### DATASET RECORDS:
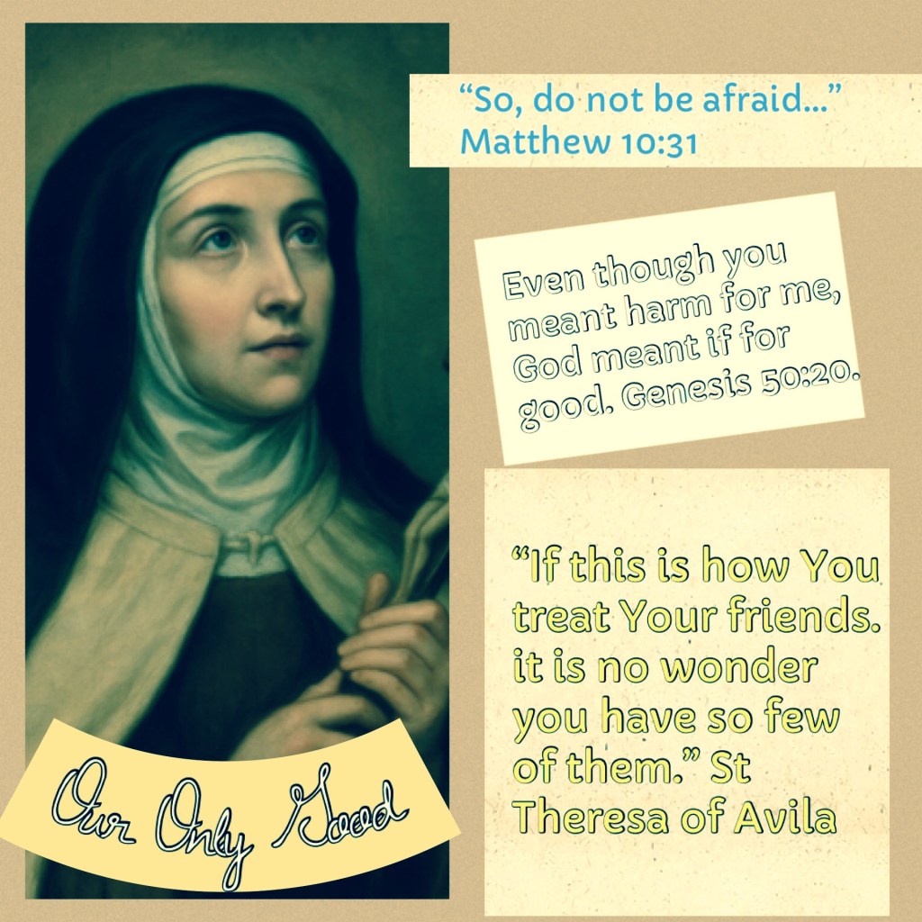 It is definitely time for me to listen to St Theresa of Avila and Mother Angelica and to make more time to talk to God and always to give Him thanks and sometimes say as Saint Theresa did, “…it’s no wonder You have so few of them…” but to continue trusting, loving and surrendering to Him. Fiat
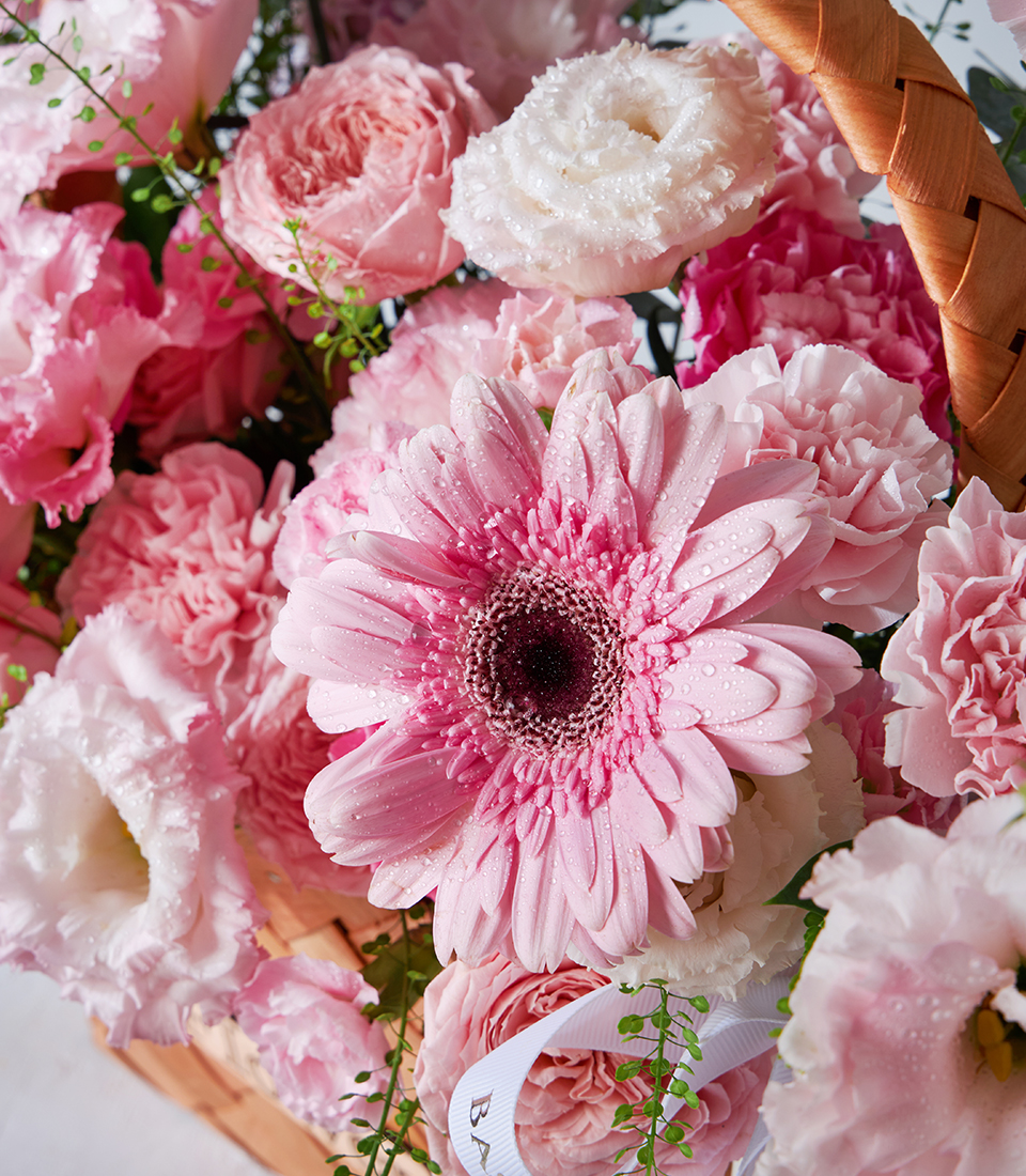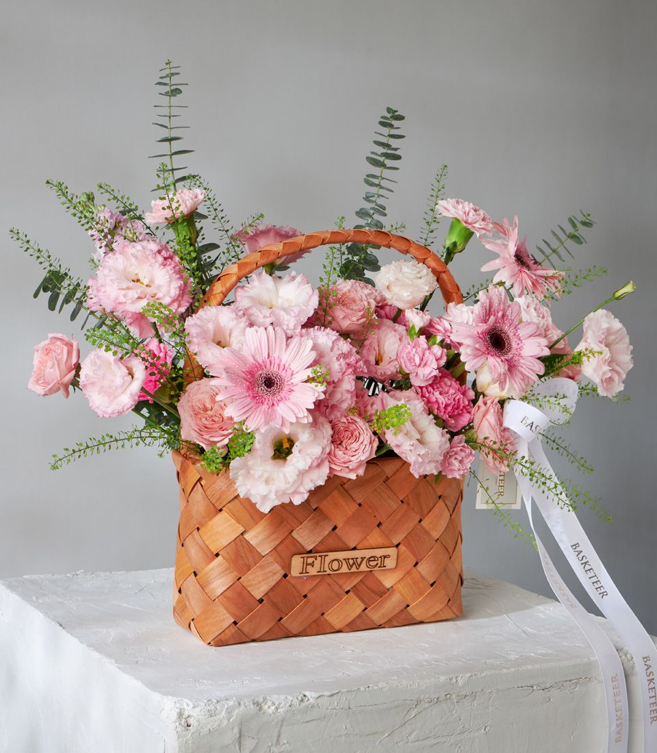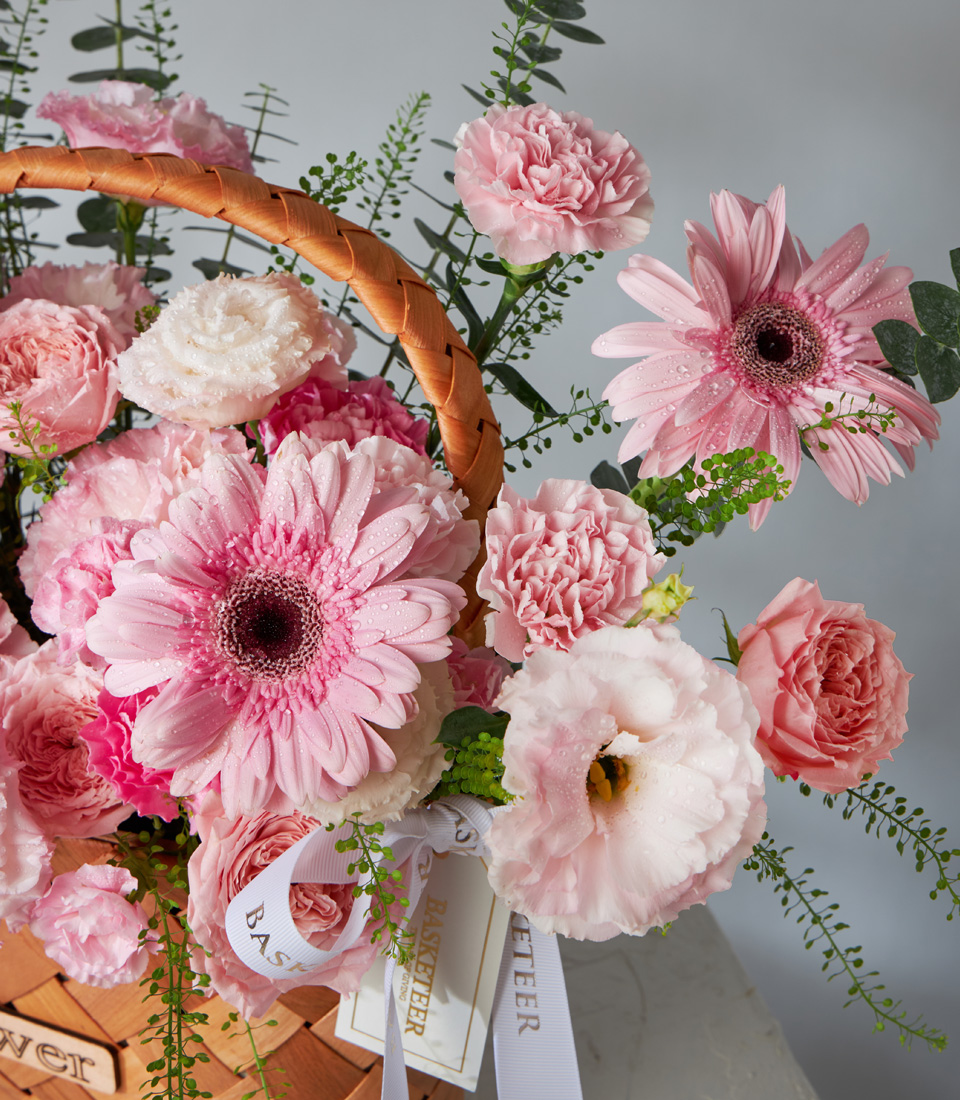 Charming basket of pink roses carnations gerberas and lisianthus beautifully arranged for luxury flower delivery in Bangkok.
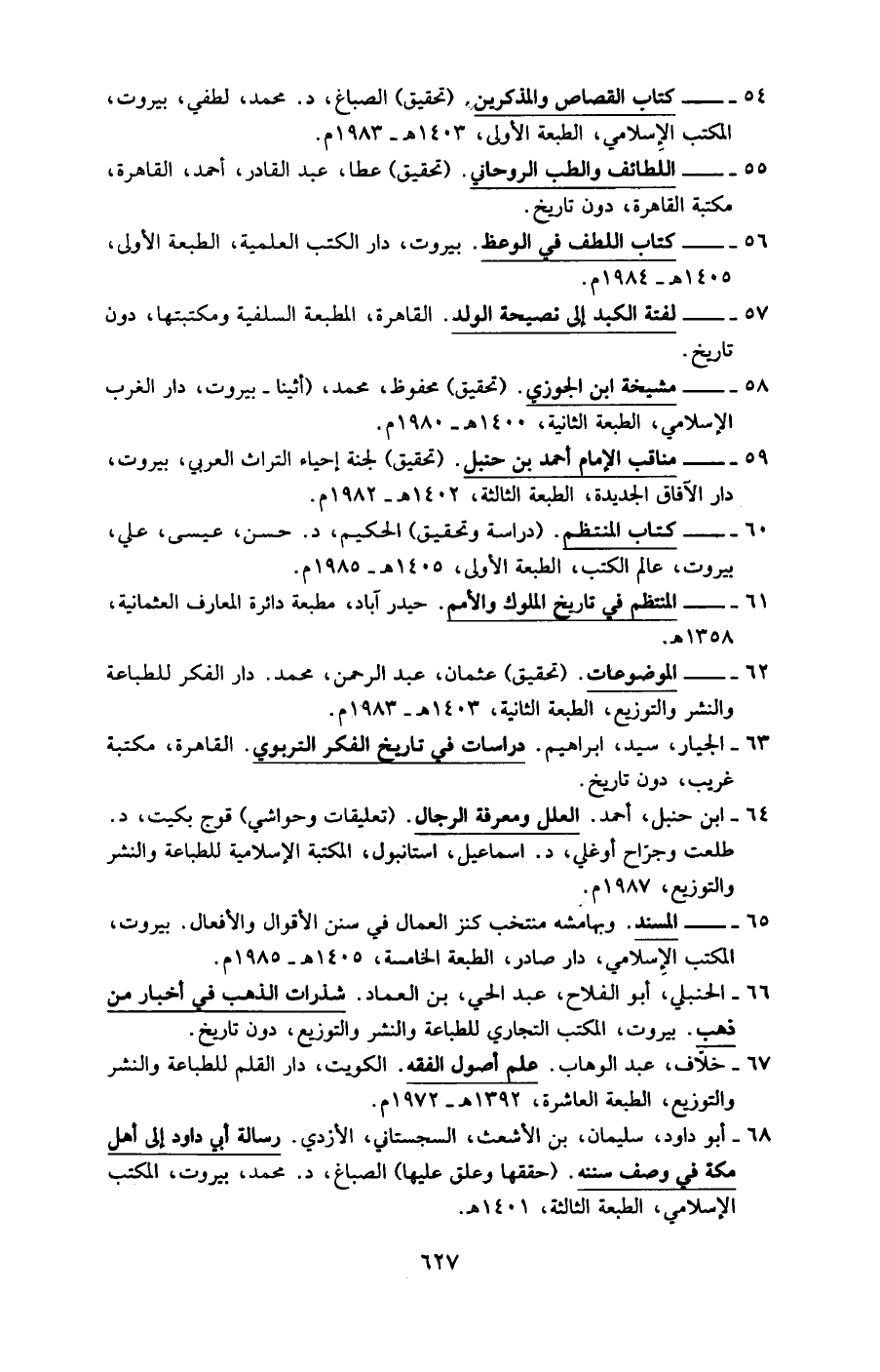 57 - لفتة الكبد إلى نصيحة الولد. القاهرة، المطبعة السلفية ومكتبتها، دون تاريخ.
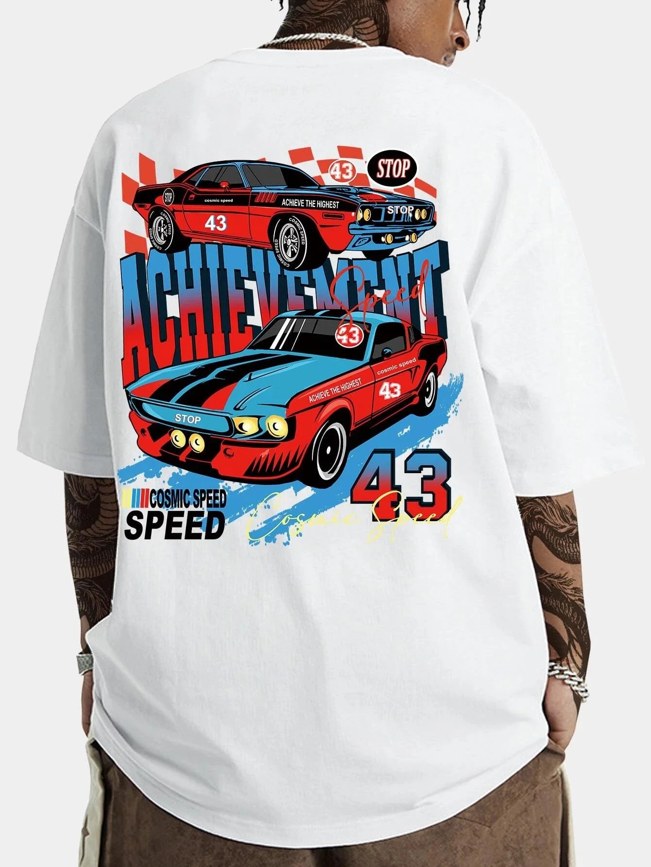 SXV 'Achievement Cosmic Speed’ Printed Cool Aesthetic Oversized Baggy T-shirt
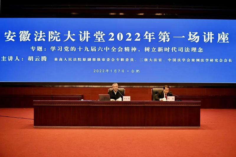 安徽法院网讯 为深入学习贯彻党的十九届六中全会精神,真学真信笃行习近平法治思想,进一步加强全省法院广大干警思想政治建设,1月7日上午,安徽高院启动2022年“安徽法院大讲堂”活动,最高法院原副部级审委会专委、二级大法官、中国法学会案例法学研究会会长胡云腾受邀为全省三级法院干警作新年首场讲座。安徽高院党组书记、院长董开军出席讲座,党组成员、审委会专委袁春主持。
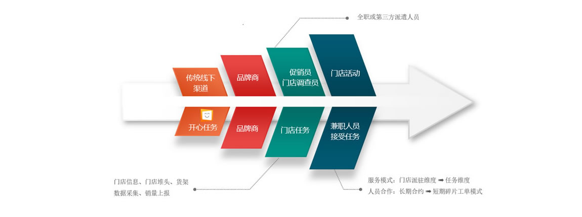 | 零售終端促銷員日常表現(xiàn)評估、銷量上報、貨架缺貨管理、促銷員出勤管理,后臺基本數(shù)據(jù)維護、生意分析決策 | |
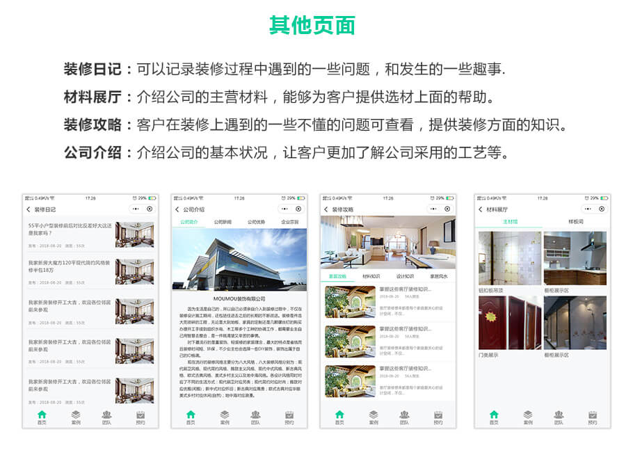 解决装修公司微信端快速传播营销的功能。公司设置,促销设置,小区设置,案例设置,团队设置,电话设置,可用VR展示,支持查看工地进度。
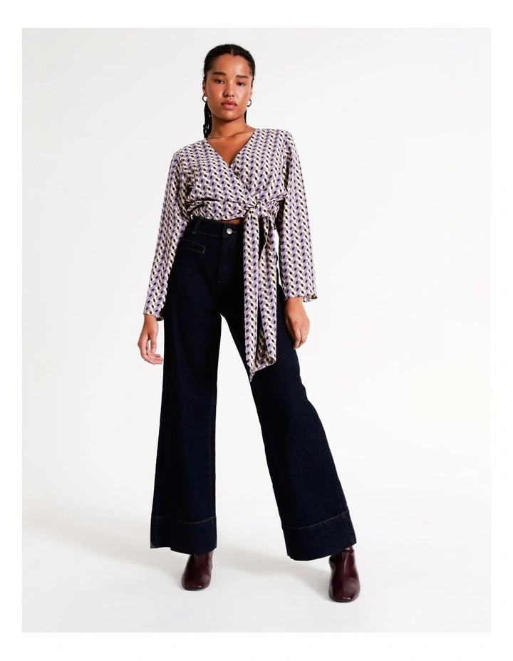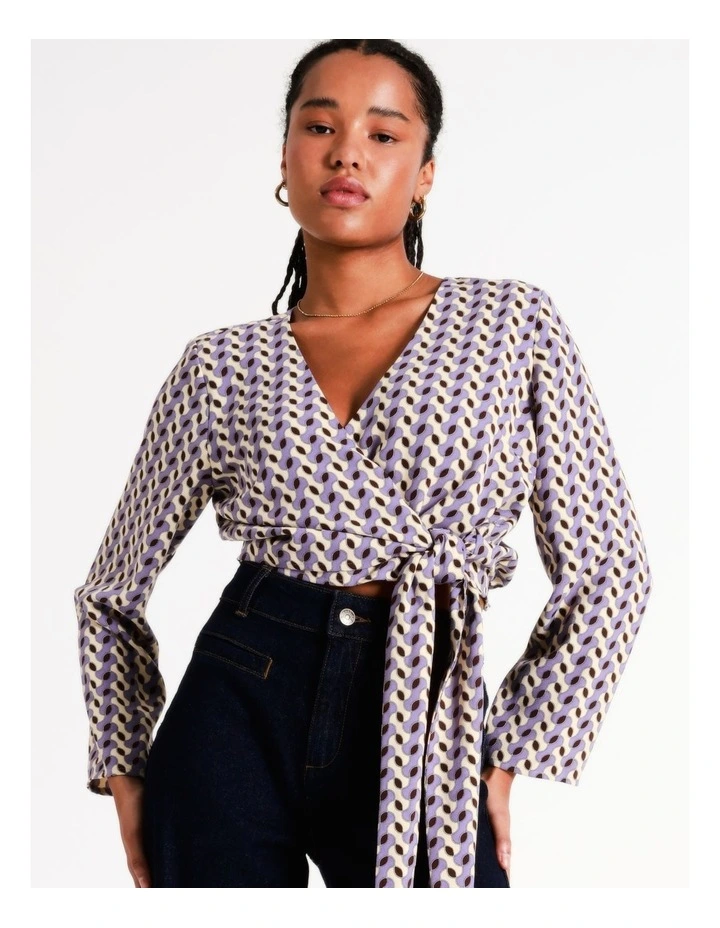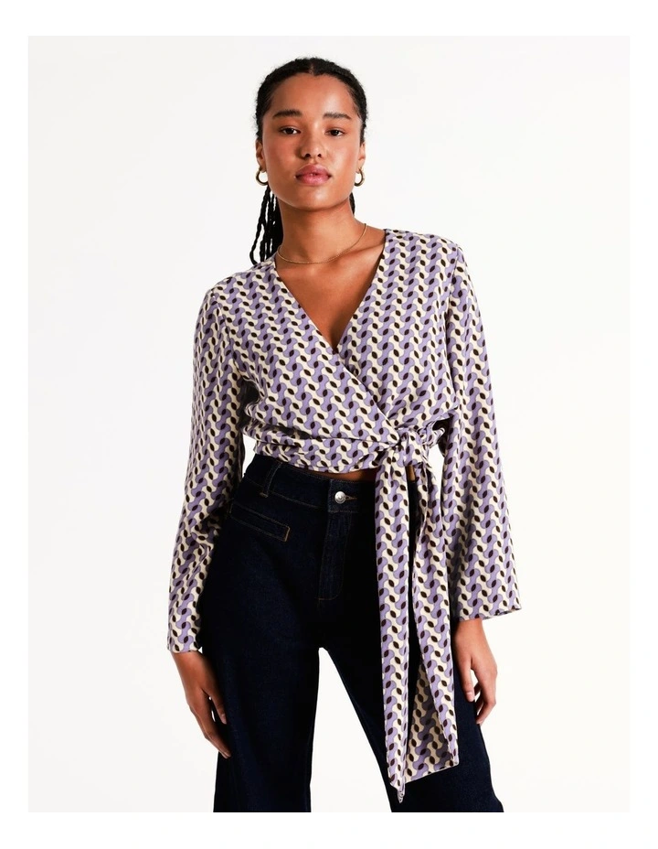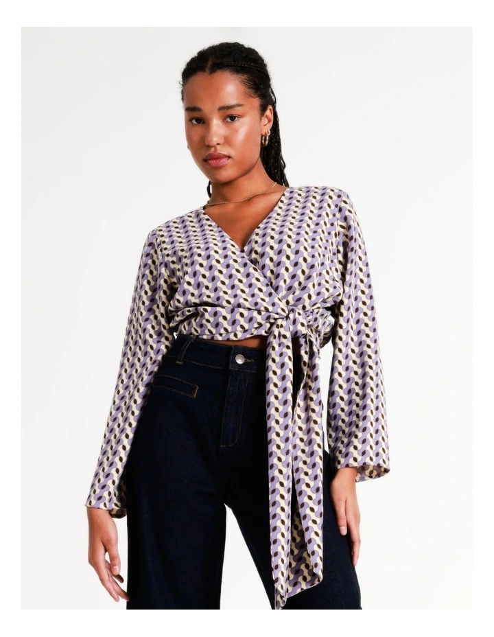 Style a statement look with vibrant prints. This blouse boasts an eye-catching geometric print, alongside a wrap design with a sash fastening for comfortable and stylish wear. A must-have for versatile evening dressing.

### PROBLEM TO SOLVE:
Beginning with the line in which "SXV 'Achievement Cosmic" appears, repeat exactly each line down to the close of the material, leaving every picture out.

### EXERCISE ANSWER:
 SXV 'Achievement Cosmic Speed’ Printed Cool Aesthetic Oversized Baggy T-shirt
 安徽法院网讯 为深入学习贯彻党的十九届六中全会精神,真学真信笃行习近平法治思想,进一步加强全省法院广大干警思想政治建设,1月7日上午,安徽高院启动2022年“安徽法院大讲堂”活动,最高法院原副部级审委会专委、二级大法官、中国法学会案例法学研究会会长胡云腾受邀为全省三级法院干警作新年首场讲座。安徽高院党组书记、院长董开军出席讲座,党组成员、审委会专委袁春主持。
 | 零售終端促銷員日常表現(xiàn)評估、銷量上報、貨架缺貨管理、促銷員出勤管理,后臺基本數(shù)據(jù)維護、生意分析決策 | |
 解决装修公司微信端快速传播营销的功能。公司设置,促销设置,小区设置,案例设置,团队设置,电话设置,可用VR展示,支持查看工地进度。
 Style a statement look with vibrant prints. This blouse boasts an eye-catching geometric print, alongside a wrap design with a sash fastening for comfortable and stylish wear. A must-have for versatile evening dressing.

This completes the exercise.